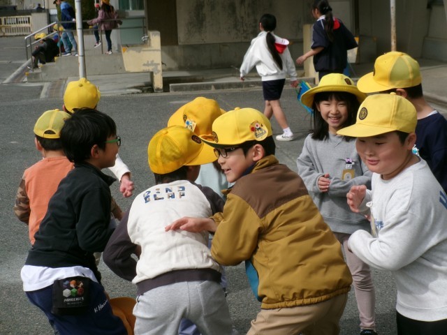 日差しがなく少し肌寒いですが、多くの子が運動場で走り回っています。また、お兄さんと一緒にドッジボールをしている子どもたちを見守っている先生がいました。また、一緒に鬼ごっこをしている先生の姿もありました。※3枚目写真の「+」をクリックするとそれ以外の笑顔が見られます。
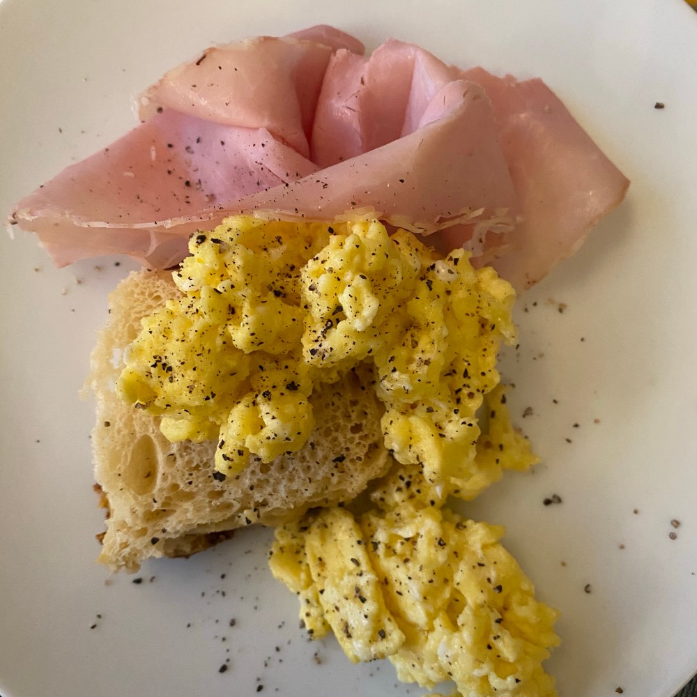 [Kurz darauf. kneteeis:] „Hmmm, das sieht lecker aus. Ich mache mir als erstes ein Schinkenbrötchen mit Rührei.“
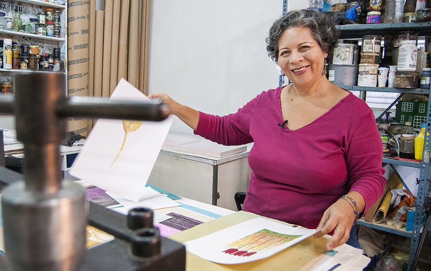 “La primera vez que hice una gráfica fue una impresión que hicimos en el Pedagógico de Caracas. Llegué a mi casa absolutamente enamorada, y dije: tengo que hacer eso pero ¿cómo lo hago? En mi casa había una lavadora que tenía un rodillo, agarré un pedazo de cartón y unas moneditas, le coloqué un papel arriba y lo pasé por el rodillo. Mi mamá me quería matar ese día. Pero cuando vi la impresión, dije: esto es lo que yo quiero hacer. Y desde ese momento no he dejado de hacer gráficas”. Apunta esta experimentada artista venezolana.
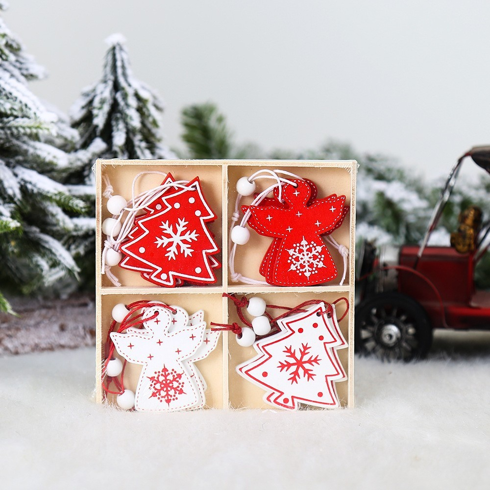 Set 12 Decorațiuni de Crăciun din Lemn Flippy cu Snur pentru Agatare în Brad - Model Brazi si Ingerasi
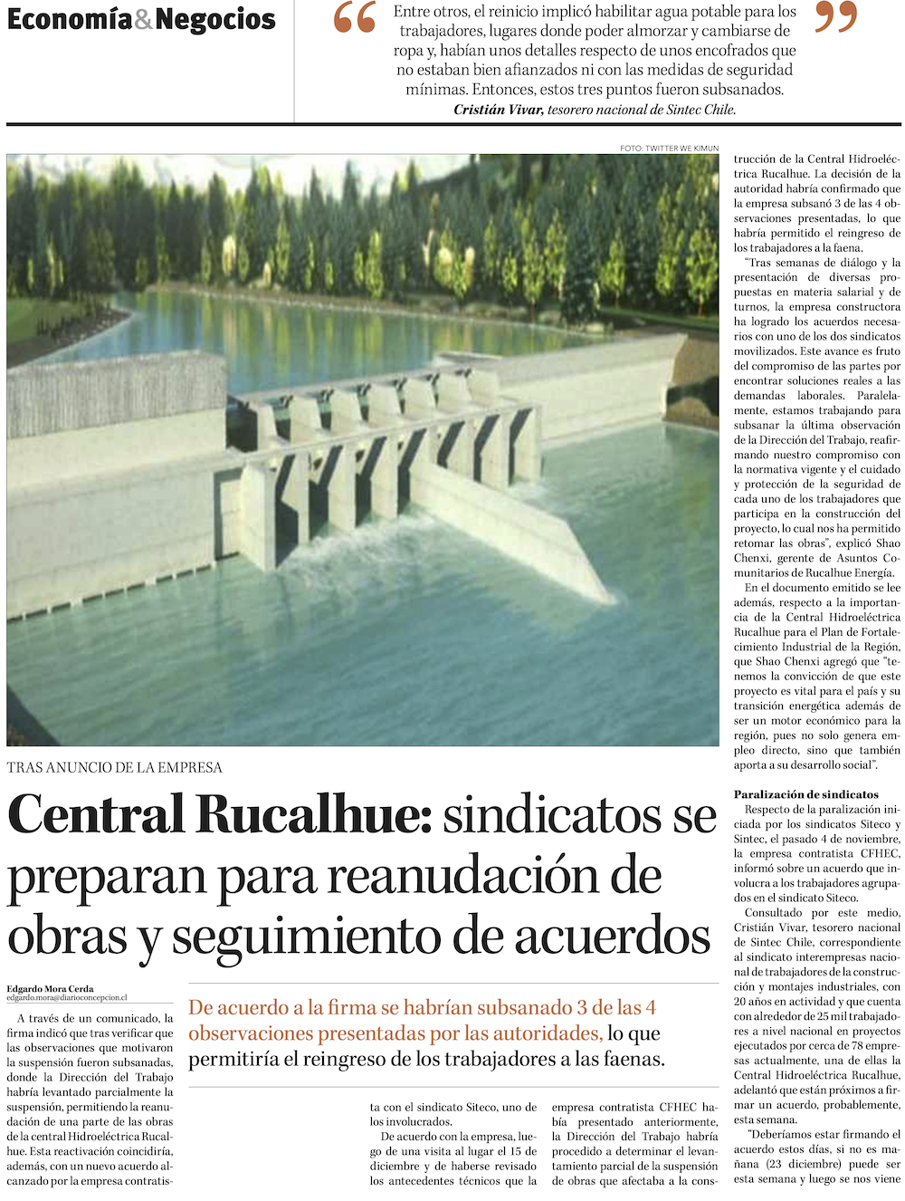 Dirección del Trabajo autoriza la reanudación parcial de las obras de la Central Hidroeléctrica Rucalhue - (Diario Financiero)
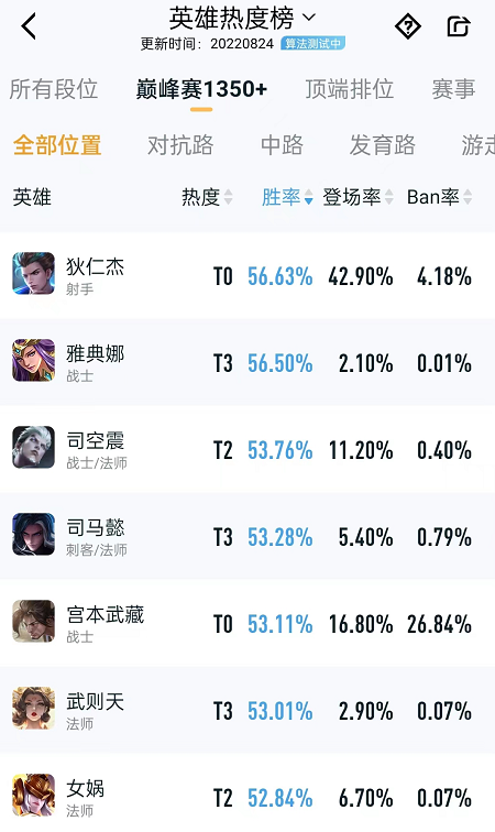 当“法球流”后羿被削后,“法球流”狄仁杰又以56.63%的高胜率压制住常驻在榜首的雅典娜,成功抢夺到了巅峰赛胜率榜第一,由此可见,这个版本强的并不是后羿狄仁杰,而是法球流打法。
+ + + + + + +
Omitting all pictures, restate word for word the lines from the one containing "Set 12 Decorațiuni" through the last line of the data.

 Set 12 Decorațiuni de Crăciun din Lemn Flippy cu Snur pentru Agatare în Brad - Model Brazi si Ingerasi
 Dirección del Trabajo autoriza la reanudación parcial de las obras de la Central Hidroeléctrica Rucalhue - (Diario Financiero)
 当“法球流”后羿被削后,“法球流”狄仁杰又以56.63%的高胜率压制住常驻在榜首的雅典娜,成功抢夺到了巅峰赛胜率榜第一,由此可见,这个版本强的并不是后羿狄仁杰,而是法球流打法。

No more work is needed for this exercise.